Başın olsada yüksek
Yüzün enginde gerek
Kibirle yürüyerek
Yolu incitme gönül
Demiş üstat B.Yazgan
Değerli gönüldaşlarım
İnsanoğlu eline en ufak bir güç geçtiğinde,kendini yaradanı bile unutur. Enaniyete bürünür.
Bu güç para olabilir,Makam olabilir,Fiziksel güç veya şöhret olabilir vs.
Ama aslında insanın en güçlü olduğu an, aynı zamanda en zayıf olduğu andır. Bilemez.
Onun için İnsan hiç bir zaman aciz bir kul olduğunu hatırından çıkarmamalıdır.
Hikaye bu ya;
Günlerden bir gün Fil, kendisini ormanın en güçlü hayvanı ilan eder. Bütün düzeni değiştirip, yeniden kurar.
Aslan, kaplan, ayı, gergedan…
Kimse File karşı çıkmaz.
Fil, önce kendi yerini sağlamlaştırdıktan sonra şöyle seslenir.
Herkes kendi arasında nasıl yaşarsa yaşasın, beni ilgilendirmez. Ama herkes benimle olan ilişkilerine dikkat etsin. Bütün kuralları ben koyarım. Ormandakiler de ona mecburen uyarlar. Çünkü
En güçlü o, tek yetkili o, gerisi sefil.
Tabiki sadece fille ilişkiler değil, bütün hayvanların kendi aralarındaki ilişkiler de filden sorulur olur.
Öyle ki, ormandaki nüfus artışı bile filin işi olmuş. Tek tek doğum yapan hayvanlara kızar ve şöyle seslenir.
Bakın bir seferde 4-5 yavru doğuranlar var.

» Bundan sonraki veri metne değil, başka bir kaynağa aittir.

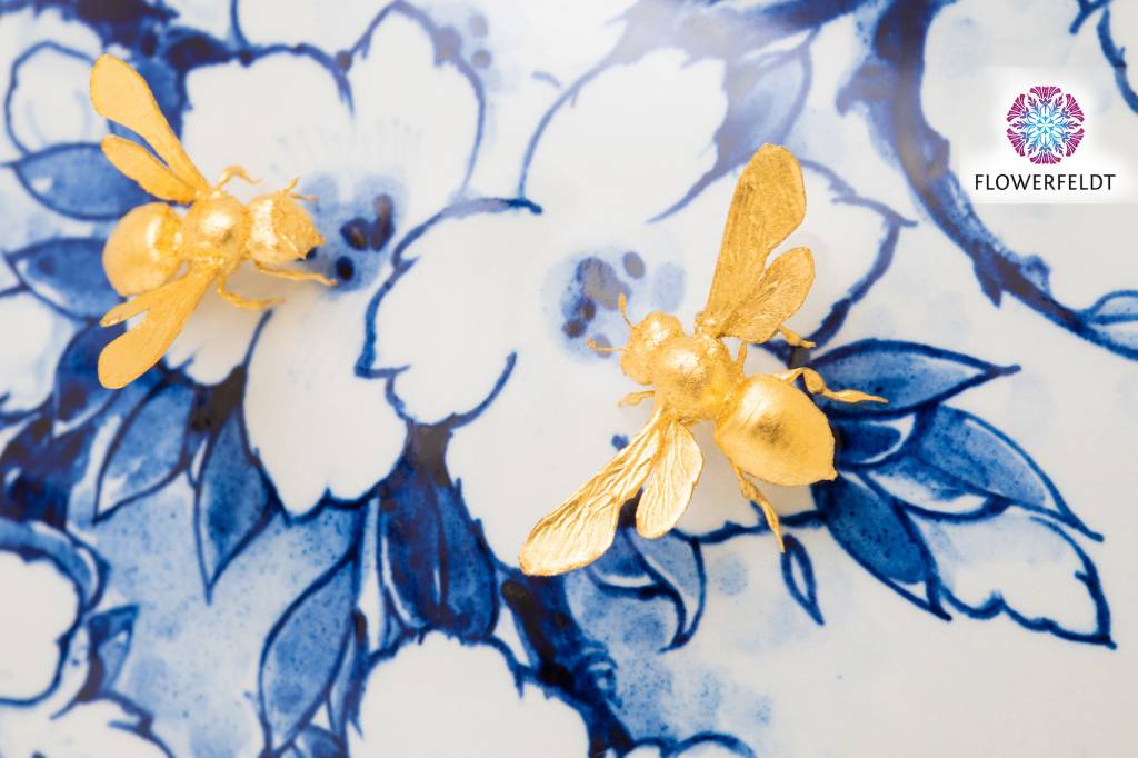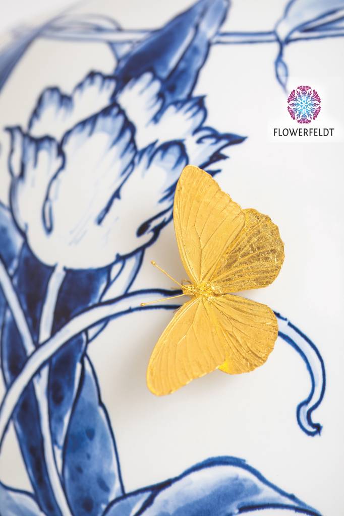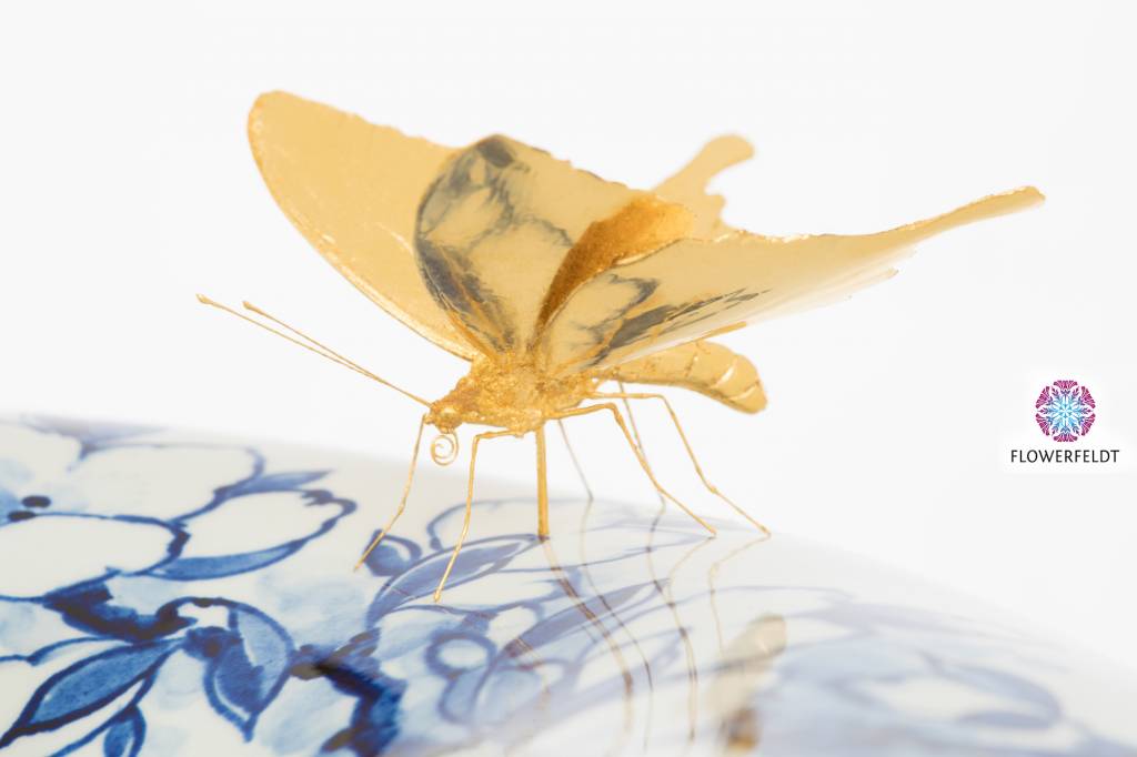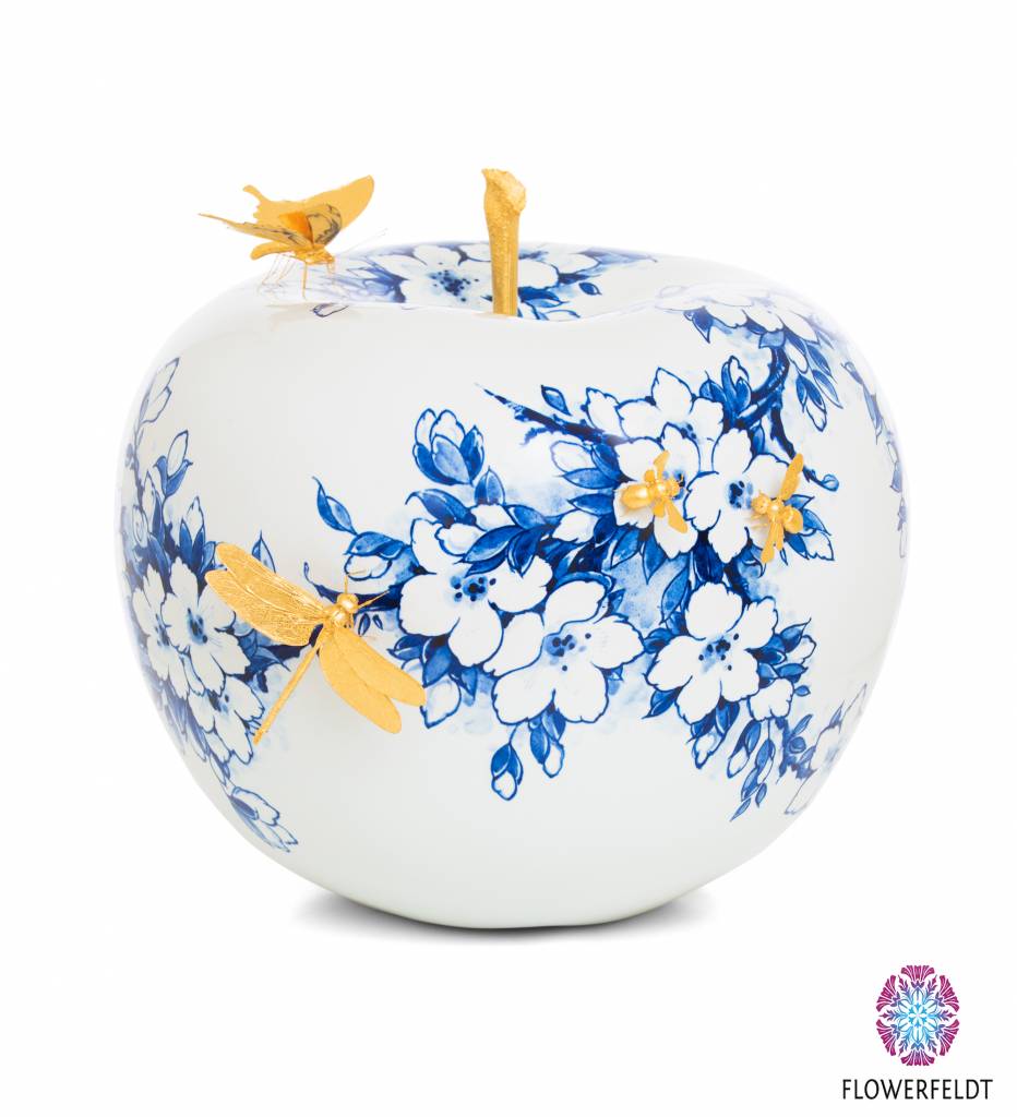 Simply magnificent! Handmade design apple with true-to-life insects in 24 carat gold leaf. These unique design apples are hand painted by one of the best master painters on the planet. Gorgeous decoration apples in characteristic Delft blue have an unique number and certificate of authenticity. This apple has a golden butterfly on top. A golden dragonfly and two bees in gold are positioned at the front. A very impressive art object for your country house, penthouse or outdoor residence.

Ne bu tembelliğiniz. Benimle oyun oynamayı bırakın, daha çok yavru doğurun” diye çıkışır.
Her şeyi mecburen sineye çeker ormandakiler.

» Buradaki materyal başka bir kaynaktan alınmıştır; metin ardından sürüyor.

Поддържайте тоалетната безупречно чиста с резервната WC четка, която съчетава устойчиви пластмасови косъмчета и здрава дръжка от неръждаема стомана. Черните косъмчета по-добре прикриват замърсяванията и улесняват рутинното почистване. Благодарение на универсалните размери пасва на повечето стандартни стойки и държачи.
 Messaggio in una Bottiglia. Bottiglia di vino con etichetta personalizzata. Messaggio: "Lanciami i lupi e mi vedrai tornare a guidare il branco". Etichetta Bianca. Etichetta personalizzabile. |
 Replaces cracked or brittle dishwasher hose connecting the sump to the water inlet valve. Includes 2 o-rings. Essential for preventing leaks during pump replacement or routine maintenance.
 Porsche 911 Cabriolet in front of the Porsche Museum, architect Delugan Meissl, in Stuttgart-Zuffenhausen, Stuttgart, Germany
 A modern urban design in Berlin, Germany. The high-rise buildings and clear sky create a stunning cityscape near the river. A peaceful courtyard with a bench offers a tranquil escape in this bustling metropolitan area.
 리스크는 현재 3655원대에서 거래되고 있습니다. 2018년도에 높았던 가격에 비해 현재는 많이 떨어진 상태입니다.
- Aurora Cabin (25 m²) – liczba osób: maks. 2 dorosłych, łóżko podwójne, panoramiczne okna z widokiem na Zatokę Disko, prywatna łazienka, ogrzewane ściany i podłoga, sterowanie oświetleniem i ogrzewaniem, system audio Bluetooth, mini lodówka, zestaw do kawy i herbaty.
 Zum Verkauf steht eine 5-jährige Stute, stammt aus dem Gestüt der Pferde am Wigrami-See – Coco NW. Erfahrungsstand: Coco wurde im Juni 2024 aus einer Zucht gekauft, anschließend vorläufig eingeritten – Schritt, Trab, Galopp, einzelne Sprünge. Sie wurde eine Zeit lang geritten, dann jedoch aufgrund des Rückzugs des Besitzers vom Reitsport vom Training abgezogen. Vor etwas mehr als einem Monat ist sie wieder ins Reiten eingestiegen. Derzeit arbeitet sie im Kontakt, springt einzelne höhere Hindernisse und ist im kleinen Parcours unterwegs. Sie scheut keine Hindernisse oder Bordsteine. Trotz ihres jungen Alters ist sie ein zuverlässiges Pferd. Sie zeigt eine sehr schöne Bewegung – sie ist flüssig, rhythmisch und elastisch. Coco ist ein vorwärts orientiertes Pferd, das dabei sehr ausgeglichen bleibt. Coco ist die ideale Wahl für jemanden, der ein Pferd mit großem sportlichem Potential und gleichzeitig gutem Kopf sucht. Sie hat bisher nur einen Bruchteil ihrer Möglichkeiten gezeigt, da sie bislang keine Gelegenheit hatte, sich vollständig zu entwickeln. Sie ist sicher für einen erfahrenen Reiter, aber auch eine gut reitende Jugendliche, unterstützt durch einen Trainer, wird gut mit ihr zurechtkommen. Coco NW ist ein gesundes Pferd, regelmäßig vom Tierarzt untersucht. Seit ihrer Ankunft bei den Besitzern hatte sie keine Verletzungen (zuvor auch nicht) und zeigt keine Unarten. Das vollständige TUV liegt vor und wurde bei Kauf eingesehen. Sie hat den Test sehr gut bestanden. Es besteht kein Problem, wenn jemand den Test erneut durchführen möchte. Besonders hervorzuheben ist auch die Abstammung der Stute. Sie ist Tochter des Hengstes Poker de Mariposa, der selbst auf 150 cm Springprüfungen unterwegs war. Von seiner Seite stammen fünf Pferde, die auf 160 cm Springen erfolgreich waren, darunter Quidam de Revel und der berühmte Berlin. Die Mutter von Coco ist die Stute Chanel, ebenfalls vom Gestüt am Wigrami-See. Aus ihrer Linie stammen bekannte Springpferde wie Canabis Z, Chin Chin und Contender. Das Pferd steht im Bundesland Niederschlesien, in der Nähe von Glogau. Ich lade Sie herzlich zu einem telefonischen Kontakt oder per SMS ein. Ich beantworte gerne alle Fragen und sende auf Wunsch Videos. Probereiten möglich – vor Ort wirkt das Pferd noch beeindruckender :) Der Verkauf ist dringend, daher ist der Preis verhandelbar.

İş o noktaya gelirki, eşit sayılır maymun eşekle.
Zira fil, kimi kime uygun görürse ona göre şekillenir ormanda yaşam.
Hortumuna geleni vurur,ayağına geleni ezer. Hiç kimseye danışmaz,hiç kimseyide dinlemez. Bir gün söylediği ertesi güne uymaz. Hatta akşam söylediğini sabah unutur.
Tabiki bu durumdan karıncalar da payını alır. Yuvaları filin ayaklarının altında kalır ezilirler. Akıllı bir karıncanın aklına bir fikir gelir. Filin hortumuna girip ondan ezilen kardeşlerinin intikamını almak. Tam o sırada fil hortumunu topraktan çıkarınca, karınca hortumun içine girer kendisine hortumun içinde iyi bir yer buluncaya kadar gider oraya yerleşir.
Fil başlar kaşınmaya. Hortumunun içi karıncalanıyor, nedenini anlayamayınca beyni de karıncalanır.
Ne yapsa boş. Sonra kalınca bir ağacın yanında durur,hortumu gövdesine vurdukça vurur. Ne kadar vursada bir türlü karıncalanmayı gideremez.
Hortumu da fena halde acımaya başlar.
Bir hamle daha ağacın gövdesine vurunca, ağaç devrilip üzerine düşer.
Fil ilk kez bu kadar kendisini bu kadar âciz hisseder.
Bereket etrafımda kimse yok der. Sonra bir kaya bulur kayalara vurur hortumunu,
Hortumu kayaya vurdukça kaşıntıları artar,kaşıntıları arttıkça daha çok vurur.
Derken iflas eden bedeni, yere uzanıp kalır ölür fil…
Sonuçta Fili yener bir karınca.
Böyledir hayat…
Hayatta hiçbir güç mutlak değildir.
Herkesi dize getirdiğini sanan bir gün diz üstü çökebilir.
Ben Tanrıyım diyen Nemrut’u burnuna giren bir sivrisinek helak etmemişmiydi.
Firavunda kraldı ama kibre büründü oda helak oldu.
Saygılarımla.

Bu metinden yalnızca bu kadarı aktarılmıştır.